I have a question regarding how to apply MS2rescore to bruker (.d) or broadly speaking, the ion mobility MS data (TIMS), such that features from same RT will further be separated by a gas phase.
Practically, the issue I am facing right now is when using MS2PIP to generate features, I can not correspond the MaxQuant scan ID and the raw scan ID from bruker raw data (.d). It seems that MaxQuant did some sort of accumulation along ion mobility axis to make the MS/MS as conventional spectrum and then submitted to search engine (https://www.ncbi.nlm.nih.gov/pmc/articles/PMC7261821/). Because of that, my impression is the current implementation of MS2rescore can not handle well because it relies on one-to-one correspondence between a PSM and the raw MS/MS spectrum.
There are other conceptual challenges like the lack of training model for TIMS-TOF specifically, and technically, the ion mobility should also be a predictable feature that may help with rescoring. In light of that, I just want to get your thoughts on:
[1] Whether my understanding is correct, that current implementation of MS2rescore is more focused on Thermo data and may not be applicable to other like bruker TIMS data.
[2] Do you have any ideas on the difficulties that you can foresee of adapting the model to ion mobility data?
[3] If I still want to use that, can I skip the MS2PIP step and only use DeepLC and other features, even additional features from my customized function to assist with rescoring, do you think there will still be any increase on the identification rate? Because it seems that MS2PIP features indeed contribute a lot to the prediction.
Thanks very much in advance, Frank
Hi Frank,
Thank you for your interest in MS²Rescore!
Regarding your issue with MaxQuant, you are indeed right that we must receive a one-to-one relation between PSMs and spectra. In the case of aggregated spectra from a TIMSTOF, we require access to the aggregated spectra instead of the original ones.
So far, we have only tried MS²Rescore on TIMSTOF data analyzed with the PEAKS search engine, where PEAKS outputs both PSM files and MGF files with the aggregated spectra. Do you know if MaxQuant can similarly output the aggregated spectra in MGF or mzML formats?

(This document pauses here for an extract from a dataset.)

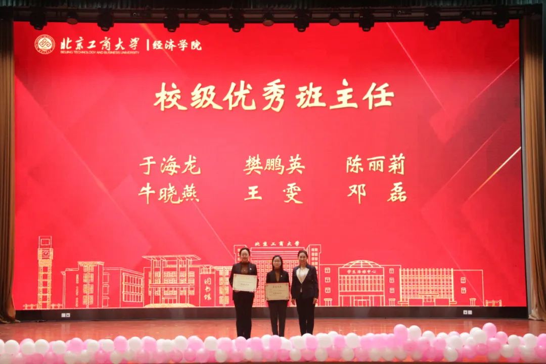 副院长马雪娇宣读教师表彰决定。2023-2024学年,学院6名教师荣获北京工商大学就业工作先进个人、13名教师荣获经济学院优秀班主任、6名教师荣获北京工商大学优秀班主任。希望全院教师发扬教育家精神,深刻践行“躬耕教坛,强国有我”的崇高时代使命,为学校“双一流”学科建设与高水平研究型大学建设贡献力量。
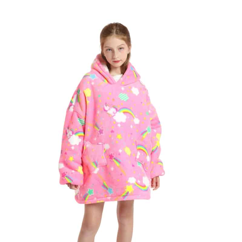 Le sweat plaid enfant licorne rose est fait pour les petits qui veulent rester au chaud sans sacrifier la magie.

In terms of prediction models, everything should be ready. In the upcoming v4.0 of MS²PIP (included in MS²Rescore v3), we have new specialized models for the TIMSTOF instruments. Both tryptic and non-tryptic, including HLA peptides are supported. You can configure MS²Rescore to use this model with the ms2pip configuration section:
"ms2rescore": {
"feature_generators": {
"ms2pip": {
"model": "timsTOF"
Very recently, we have also added the ionmob ion mobility predictor as feature generator. Installing MS²Rescore with the optional dependency (pip install --pre ms2rescore[ionmob] should install everything you need. Then simply add "ionmob": {} to the feature_generators section of the configuration files:
"ms2rescore": {
"feature_generators": {
"ionmob": {}
Let us know if we could look into the spectrum matching from MaxQuant issue together. We would definitly like to help you out.
Best, Ralf
Hi Ralf,
Thanks very much for getting back to me!
I really appreciate the efforts for timsTOF prediction, just to clarify, is the model "timsTOF" for tryptic or non-trypic mode?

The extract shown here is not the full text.